На улице опять шарахнуло. Немного спустя возвращается Райед. Один из бойцов был ранен, похоже, пуля попала в руку. Он описывает такую сцену: парнишка лет восьми спокойно шагает по опасной стороне улицы, а вокруг идет чудовищная пальба со всех сторон.
Такова солдатская жизнь: спать, есть, чистить оружие, стоять на часах и время от времени сражаться. Бездна терпения и скуки ради нескольких ярких часов, которые могут закончиться ранением, а могут — и смертью.

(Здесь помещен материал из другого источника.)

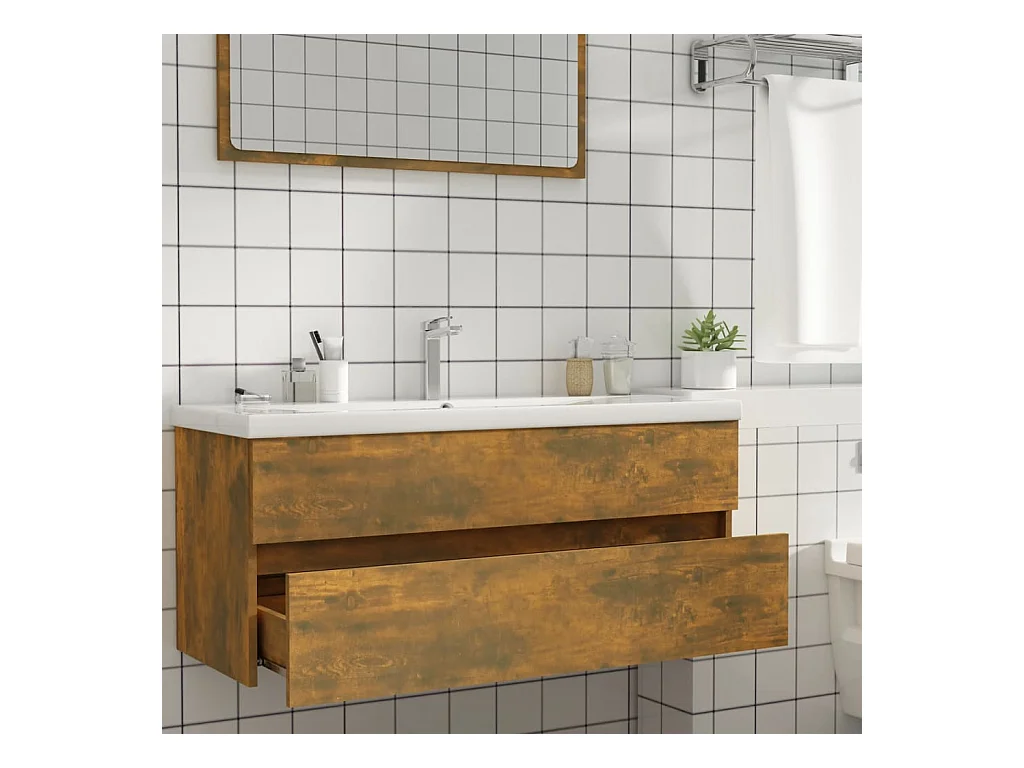 Badkamermeubel 5-delig Gerookt eiken Bewerkt hout

Молодой, незнакомый мне парень возвращается за боеприпасами. Он выкладывает из холщовой сумки патроны и, стоя на ковре на коленях, наполняет магазин. Черная шапка, небольшие усики, поверх ветровки — «лифчик» с патронами.

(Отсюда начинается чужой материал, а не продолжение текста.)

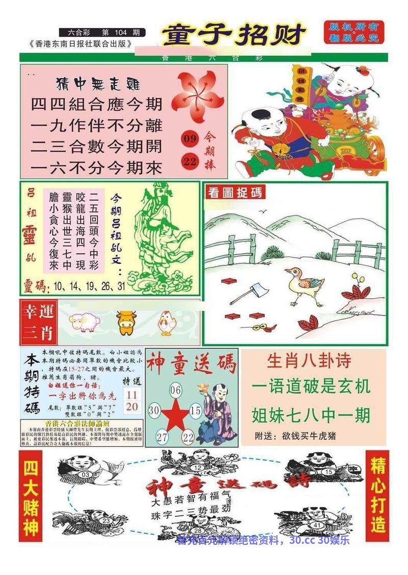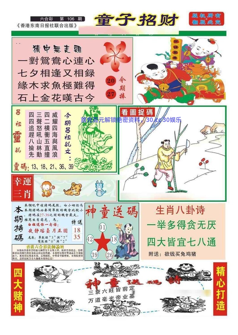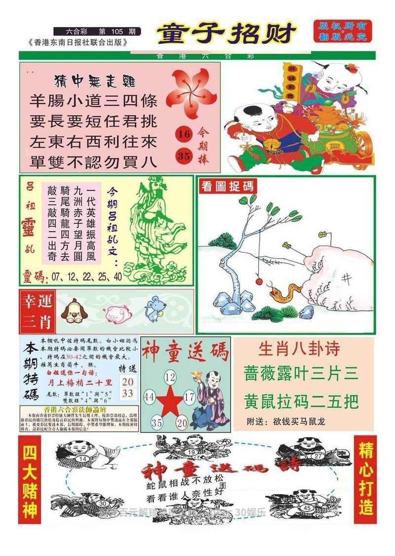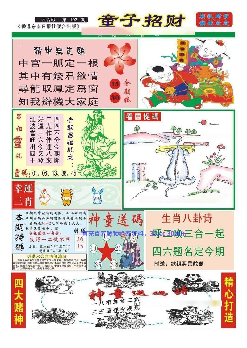 108期:心水报正版/港彩商报精简/东方心经/特码生肖诗/四字肖诗

Вернулись домой к трем часам дня, то есть вся заварушка длилась часа четыре. Около половины пятого Имад наконец приносит sfi has и йогурт. Ибн-Педро здесь. Ахмад и остальные ребята тоже. Все едят с большим аппетитом. Раздается мощный взрыв — где-то совсем рядом. Хасан выясняет по телефону: чтобы выкурить снайпера, один из парней долбанул по нему из РПГ.
Любопытное ощущение — странные нестыковки в сознании во время боя. Адский шум бьет по нервам, даже если стреляют твои друзья и ты не подвергаешься опасности. В то же время сами выстрелы похожи на взрыв хлопушки, впечатление такое, будто развлекаются детишки. Хочется укрыться, но безопасных мест нет, ты везде оказываешься на линии огня, и никто не знает, что делать, чтобы выжить. Мы спрашиваем, нам отвечают, и приходится верить на слово. Опасность выглядит надуманной и абстрактной, даже если вы видите, что эти типы с другой стороны целятся в вас. Я думаю, что чувство реальности возвращается в тот момент, когда получаешь свою пулю: тогда все становится на свои места — внезапно и, увы, непоправимо. Но пока ничего не случилось, все происходящее кажется на удивление игрушечным, нереальным — как во сне. И то, что случается с другими, может случиться только с ними, но не с тобой.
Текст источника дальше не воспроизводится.